Problem to work on | Everything from the line with "Die transparente Fassade" to the last line of the listing must be retyped exactly, both ends included, with the pictures dropped.

Information shown |
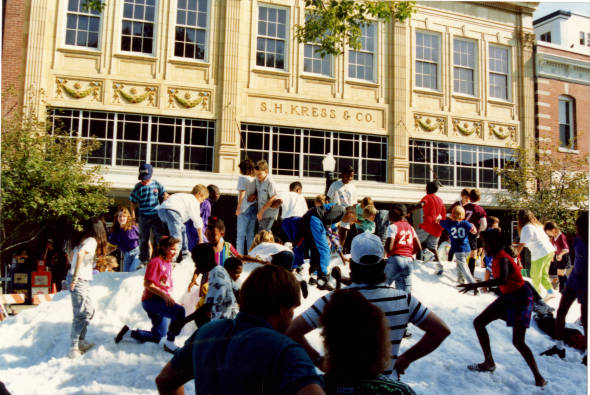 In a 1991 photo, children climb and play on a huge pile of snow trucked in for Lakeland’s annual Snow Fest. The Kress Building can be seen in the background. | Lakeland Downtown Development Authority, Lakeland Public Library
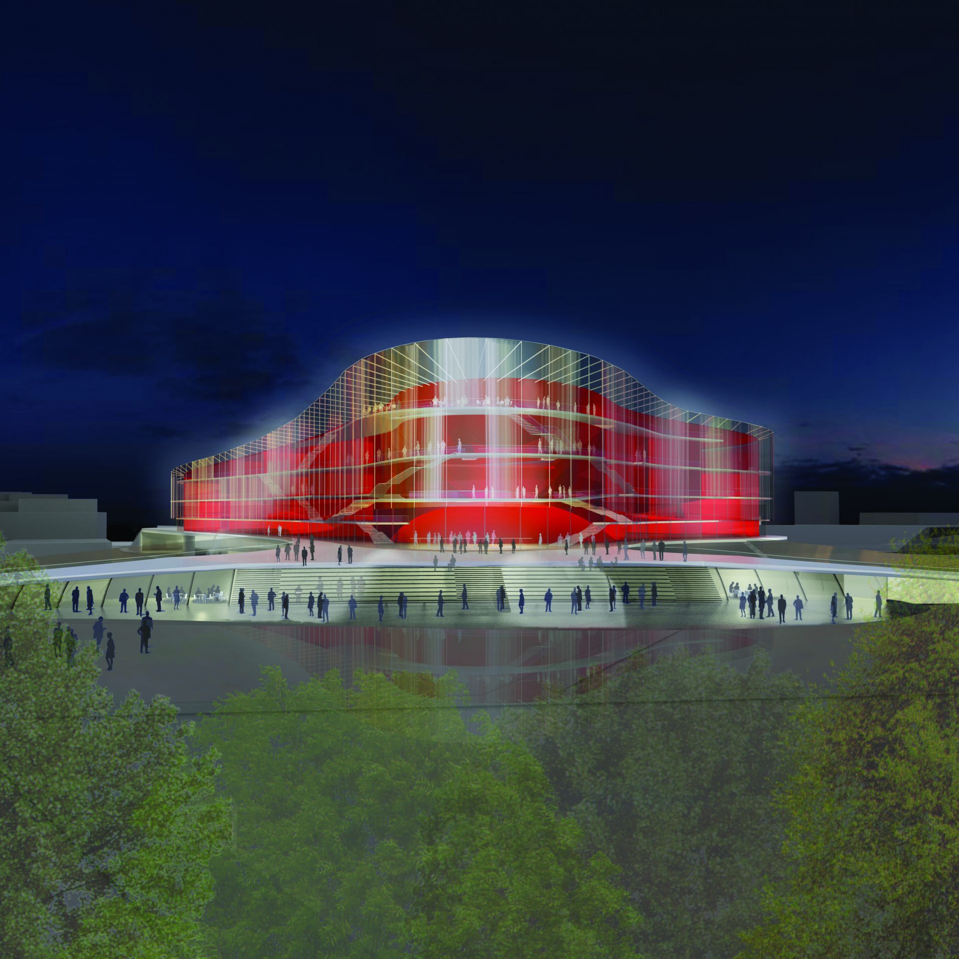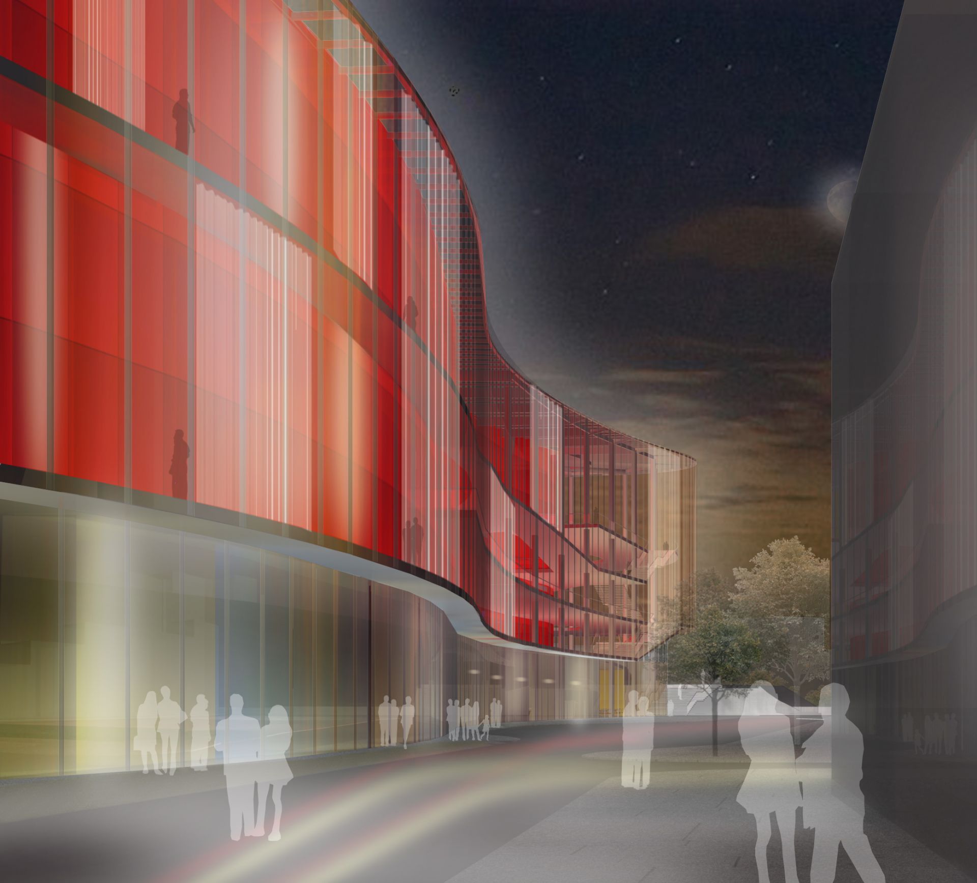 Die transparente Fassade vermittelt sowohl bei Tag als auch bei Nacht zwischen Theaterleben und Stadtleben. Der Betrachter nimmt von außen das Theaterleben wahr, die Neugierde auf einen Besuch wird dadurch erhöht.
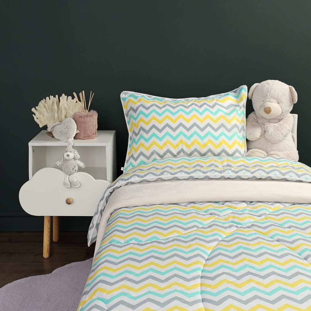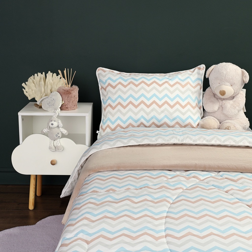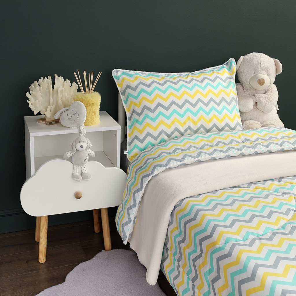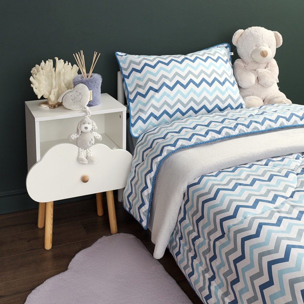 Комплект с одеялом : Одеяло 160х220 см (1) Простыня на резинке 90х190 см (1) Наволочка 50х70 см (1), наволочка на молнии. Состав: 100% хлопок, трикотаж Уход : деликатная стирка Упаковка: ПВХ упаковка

Expected answer |
 Die transparente Fassade vermittelt sowohl bei Tag als auch bei Nacht zwischen Theaterleben und Stadtleben. Der Betrachter nimmt von außen das Theaterleben wahr, die Neugierde auf einen Besuch wird dadurch erhöht.
 Комплект с одеялом : Одеяло 160х220 см (1) Простыня на резинке 90х190 см (1) Наволочка 50х70 см (1), наволочка на молнии. Состав: 100% хлопок, трикотаж Уход : деликатная стирка Упаковка: ПВХ упаковка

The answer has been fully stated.